原田は、ほとんど寝てないまま学校に向った。通学路で再会した釜坂の調子は以前と変わらない。
「俺に依代の適性ないところから夢だよね」
「そこも現実」
開口一番の意見が否定された。流石にこの親友は現実的だ、ばっさりと原田の気の迷いを昨日の剣持のように両断する。
「いやさ、普通こういう話では、秘密を共有すると同時にその証拠をも共有するよね」
「まあ、そうだね」
「それが何、この結果。おじいちゃん長生きしてねって絵をメッセージ付きで送った数日後に、急性心不全で他界されたかのような。そんな無力を感じたよ」
「まあ、伝わるものはあるけど。……いや、でも昨日は僕も驚いたよ」
昨夜から繰り返されたやり取りを二人はまた反芻する。
「悠介ほど信仰心というか尊重の考えがあり、力に抵抗力を発揮した人に反応なしとは。文盲の無神論者だって淡く色付くぐらいはするだろうに」
「おい、やめろ、そろそろ死にそうだ」
恵一なんて
「恵一君、原田君、おはよう」
「おはようございます、すみません、今からちょっと委員会の仕事があるんで先に行きますね」
「委員会は、今日のホームルームで決めるのではないでしょうか?」
「正直合わせる顔がないんで逃げます」
「当人を前にして言うことじゃないぞ、悠介」
学校に向かって逃げた原田を、釜坂と剣持が見送る形となった。結局クラスで会うことになるから先延ばししたに過ぎないのだが。
「何か役にたてないものかな」
ホームルームの開始まで校内をぶらつきながら、原田はぼやいていた。なかなか惨めな行動だが、校内の構造を把握してなかったし調度良かったと思うことにした。
「やっぱり悠介君か」
教室棟と食堂をつなぐ渡り廊下に差し掛かった頃、原田はまた呼び止められた。
「おお、怜治くんか、えらい久しぶりだね」
振り向いた先に居たのは小学校の時見学した空手大会で知り合った、影山怜治だった。
「昨日のうちに気付いていたんだけど、中々切り出せなくてね。勉強も頑張ったから、なんとか同じクラスに入れたよ」
この学校にはスポーツや芸術面の活躍を考慮する試験方法はあるが、それでも一芸だけでは通過できない。同時に高い水準の学力も要求される。

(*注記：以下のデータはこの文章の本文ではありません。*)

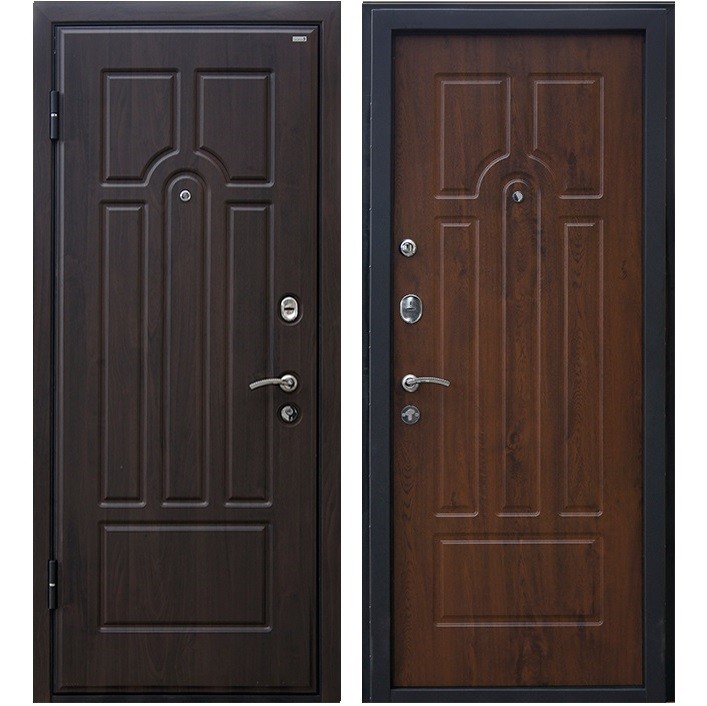 Эта дверь обеспечит Вашу безопасность и украсит прихожую. Она оборудована двумя замками разных типов, что делает ее устойчивой ко всем возможным видам взлома. Нижний замок, являющийся основным, имеет четвертую категорию взломостойкости. Он снабжен цилиндровым механизмом с тремя ригелями. Его конструкция включает в себя броненакладку, служащую защитой от механических повреждений цилиндра. Верхний сувальдный замок 2-й категории рекомендуется использовать как дополнительный во время длительного отсутствия, а задвижку — в ночное время.

「あれ以来になるから、三年以上経つのか。噂は聞いていたよ、空手凄いらしいね」
「君の絵も一度遠征先で見たことがあるよ。それこそ凄かった。いやでも、会えて良かった。もうあのときみたいな不良連中は大丈夫なの?」
今となっては問題ないと答えようとした瞬間、原田は、自分にもまだ剣持の役に立つ方法があることに気が付いた。

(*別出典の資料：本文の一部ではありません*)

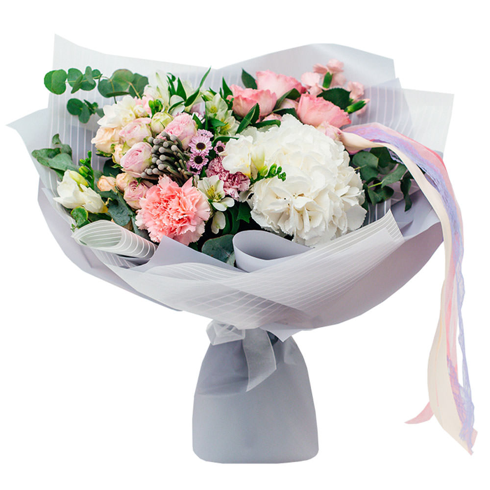 Гортензия белая, альстромерия белая, гвоздика розовая, гвоздика кустовая мини розовая, роза кустовая розовая, фрезия белая, хризантема сантини, бруния. Упаковка (лента, пленка, крафт, сетка, пленка матовая)

影山と近況報告を互いにしながら教室に帰った。実行は放課後、一度覚悟を決めると原田の気は幾分か楽になった。女生徒に囲まれている剣持が席を立つのを見計らって、今朝の非礼を謝ることもできたので思わず自害しない程度には自分のことも許せた。なかなか上々だと、原田は明るく考える。
「じゃあ、恵一。俺、画材屋行ってくるから」
「気をつけろよ、危険だと思ったらすぐ逃げるんだぞ」
帰路の途中、色々と工夫したが、やはり釜坂には気付かれていた。まあいつもの言い訳とさして方向性が変わらないから仕方あるまい。だが今は形振り構っていられない。
剣持たちが信頼して、打ち明けてくれたからこそ、原田はどうしても彼女たちの役に立ちたかった。

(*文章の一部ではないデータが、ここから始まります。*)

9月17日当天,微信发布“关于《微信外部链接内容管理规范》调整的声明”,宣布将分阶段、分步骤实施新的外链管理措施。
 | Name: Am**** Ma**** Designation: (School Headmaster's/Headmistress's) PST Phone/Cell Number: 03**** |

目的地に到着したのが午後四時、目的そのものは意外と早く果たせ、九時半には帰宅できた。
「恵一、なんとか部活の勧誘から逃げられるか」
「悠介こそ、美術部に行かなくちゃまずいだろ。芸術科目の選択のとき、ありえないアプローチされていたじゃないか」
授業開始日、予告された近藤綺堂たちの暴走まであと二日と迫っていた。
「人命には代えられないだろ、剣持さんに至っては俺達より更に勧誘が多いが、なんとか集合したい。今度、近藤綺堂と小村翔太が暴れる場所は、突き止められる自信がある」
言い切った。依代を扱えない彼ではあるが、勝算があった。